SIMT Intrinsics
For the CUDA backend, Taichi supports warp-level and block-level intrinsics, which are needed for writing high-performance SIMT kernels. You can use them in Taichi similar to the usage in CUDA kernels. Currently, the following functions are supported:
Operation | Mapped CUDA intrinsic |
---|---|
ti.simt.warp.all_nonzero | __all_sync |
ti.simt.warp.any_nonzero | __any_sync |
ti.simt.warp.unique | __uni_sync |
ti.simt.warp.ballot | __ballot_sync |
ti.simt.warp.shfl_sync_i32 | __shfl_sync |
ti.simt.warp.shfl_sync_f32 | __shfl_sync |
ti.simt.warp.shfl_up_i32 | __shfl_up_sync |
ti.simt.warp.shfl_up_f32 | __shfl_up_sync |
ti.simt.warp.shfl_down_i32 | __shfl_down_sync |
ti.simt.warp.shfl_down_f32 | __shfl_down_sync |
ti.simt.warp.shfl_xor_i32 | __shfl_xor_sync |
ti.simt.warp.match_any | __match_any_sync |
ti.simt.warp.match_all | __match_all_sync |
ti.simt.warp.active_mask | __activemask |
ti.simt.warp.sync | __syncwarp |
See Taichi's API reference for more information on each function.

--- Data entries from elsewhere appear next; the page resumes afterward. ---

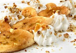 Banany obrać pokroić skośnie w plastry. Każdy plaster obtoczyć w cukrze wymieszanym z kakałem.  Śmietanę ubić na sztywno. Na półmisku ułożyć plastry bananów, obłożyć ozdobnymi kleksami bitej śmietany, posypać posiekanymi orzechami.
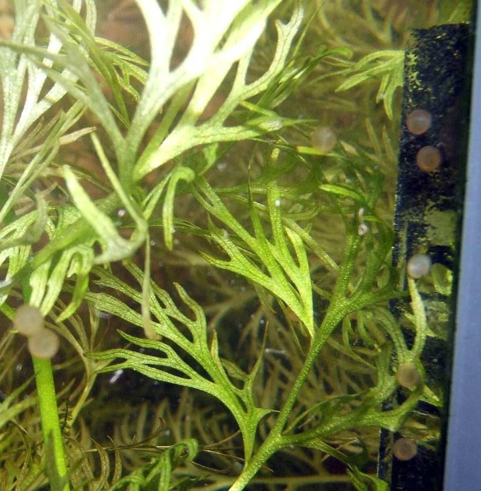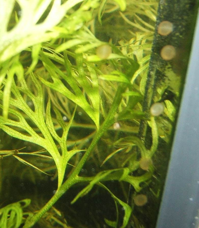 Diese runden "Kugeln" habe ich gestern Abend entdeckt. Sie befinden sich einige Zentimeter unter der Wasseroberfläche, direkt hinter der Rückseite des an der Außenseite angeklebten Thermometers.
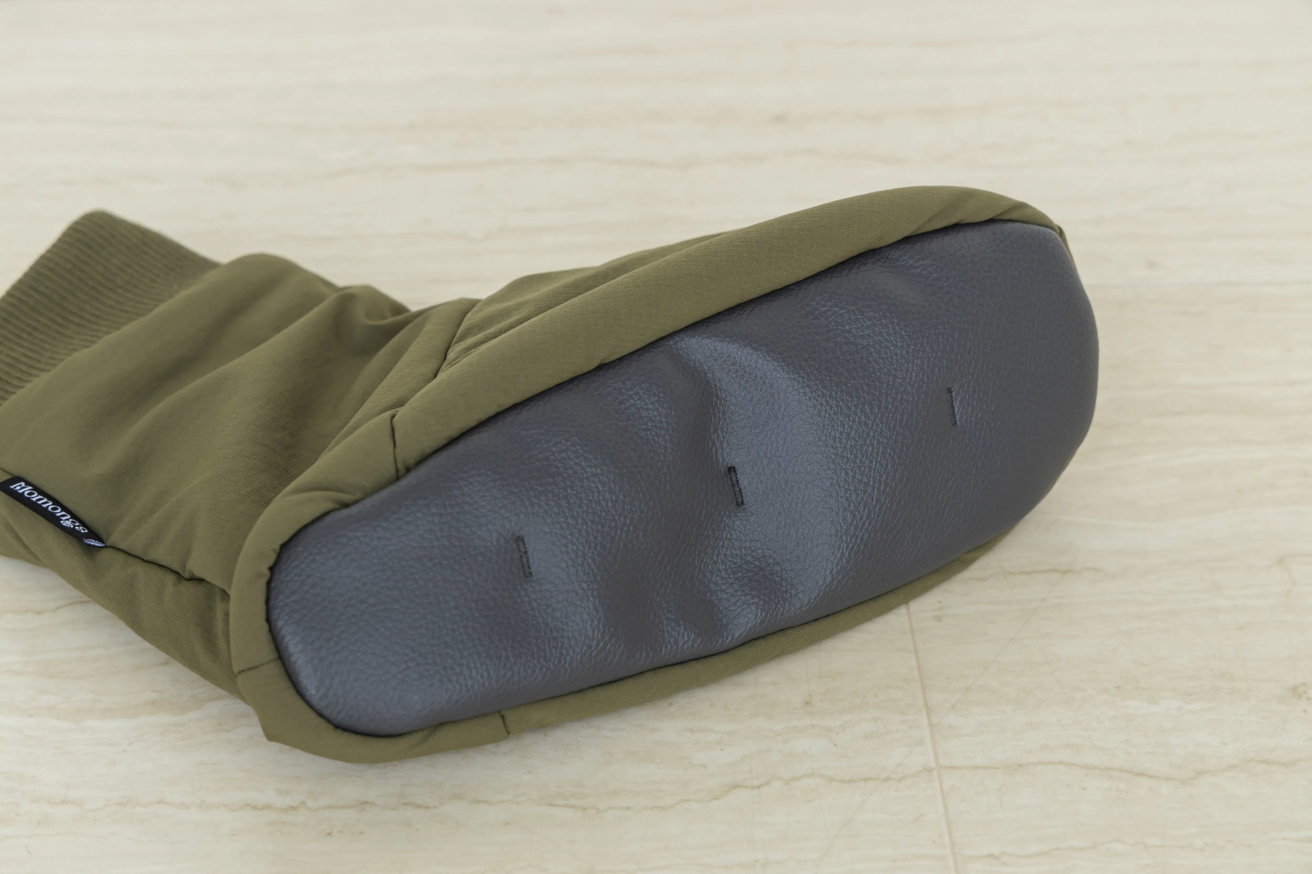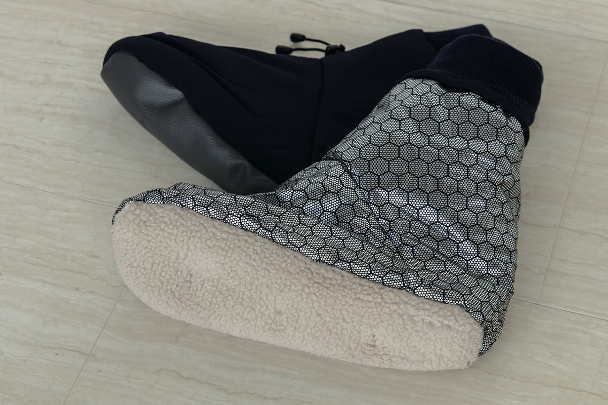 モモンガ本体と同じ保温裏地を使っています。内底にはボアを使っているので履いた瞬間から暖かく、外底はフェイクレザーで滑りにくくなっています。足底にはかんぬき止めステッチを施し、歩くときの生地のズレを防止しています。
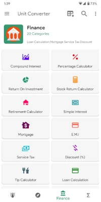 ✓ Financial calculators - Loan calculator, Compound interest calculator, Retirement calculator, Service tax calculator, Stock calculator
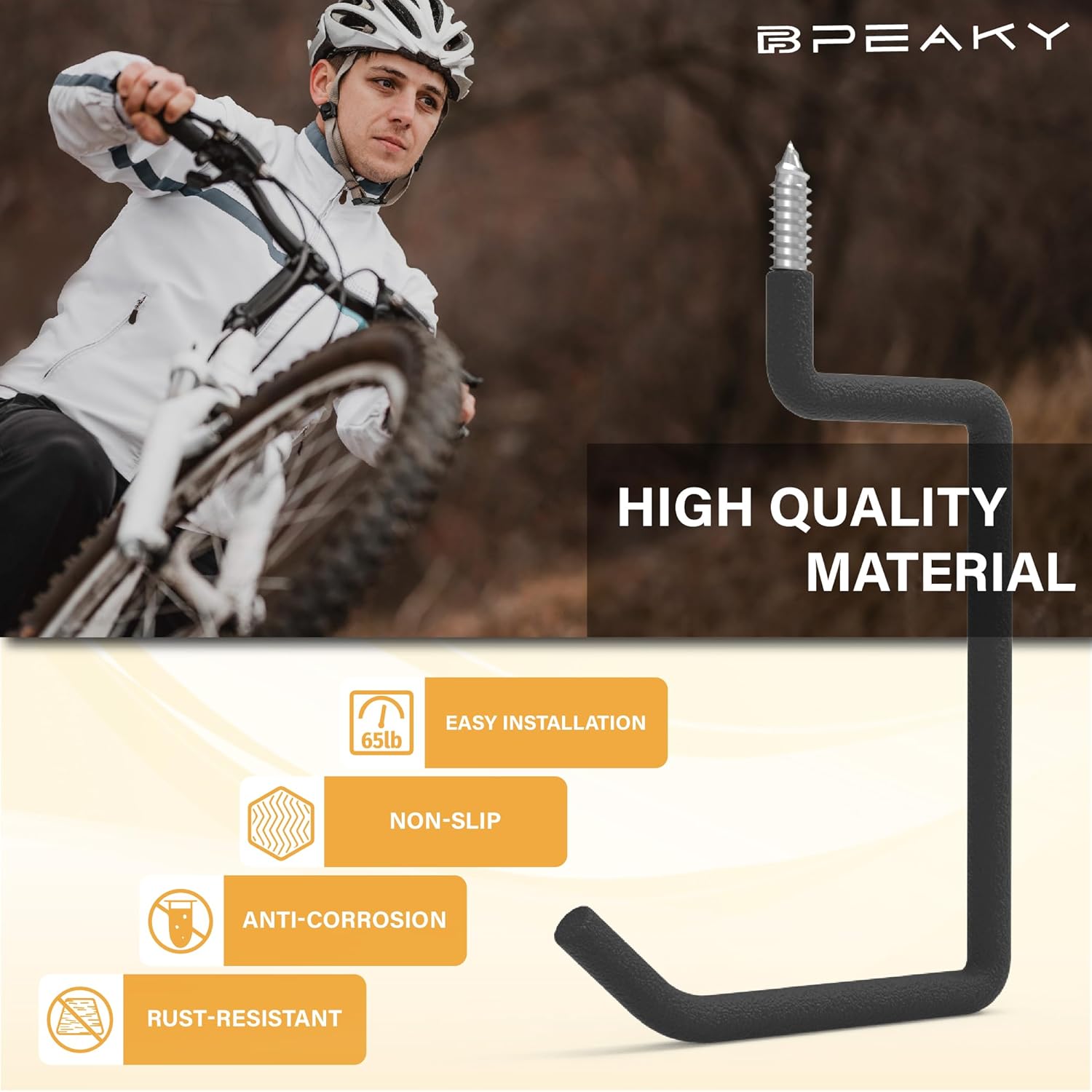 • Robust Steel Construction - Crafted from solid and substantial steel, our garage storage hooks provide exceptional durability, ensuring years of use without any risk of bending or warping. The heavy-duty ladder hooks have a remarkable weight capacity of up to 65 pounds, showcasing impressive strength.
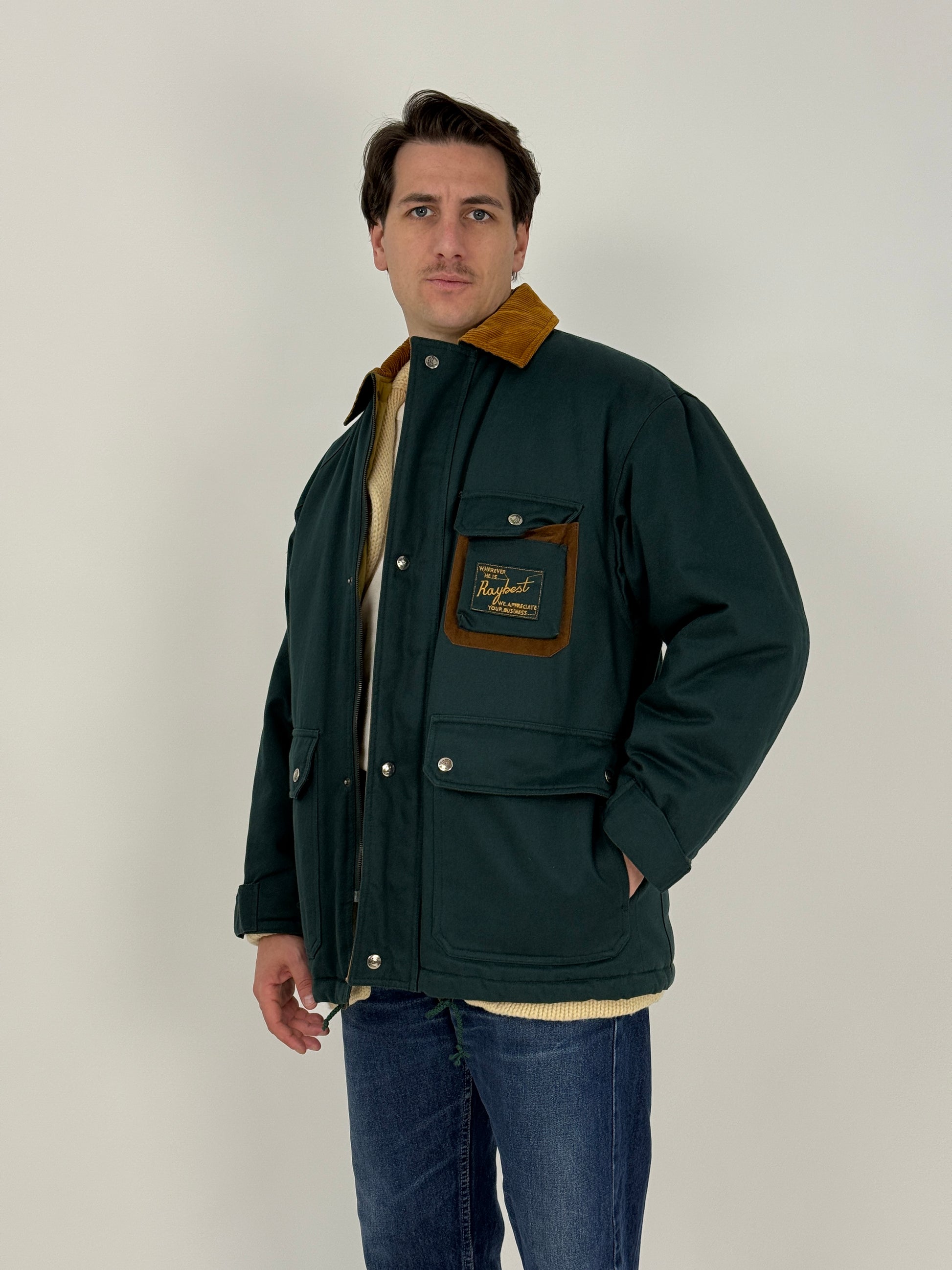 Una giacca che racconta la cultura del lavoro e dell’outdoor degli anni ’80, realizzata con materiali tecnici italiani di qualità.

Here is an example of performing data exchange within a warp in Taichi:
a = ti.field(dtype=ti.i32, shape=32)
@ti.kernel
def foo():
ti.loop_config(block_dim=32)
for i in range(32):
a[i] = ti.simt.warp.shfl_up_i32(ti.u32(0xFFFFFFFF), a[i], 1)
for i in range(32):
a[i] = i * i
foo()
for i in range(1, 32):
assert a[i] == (i - 1) * (i - 1)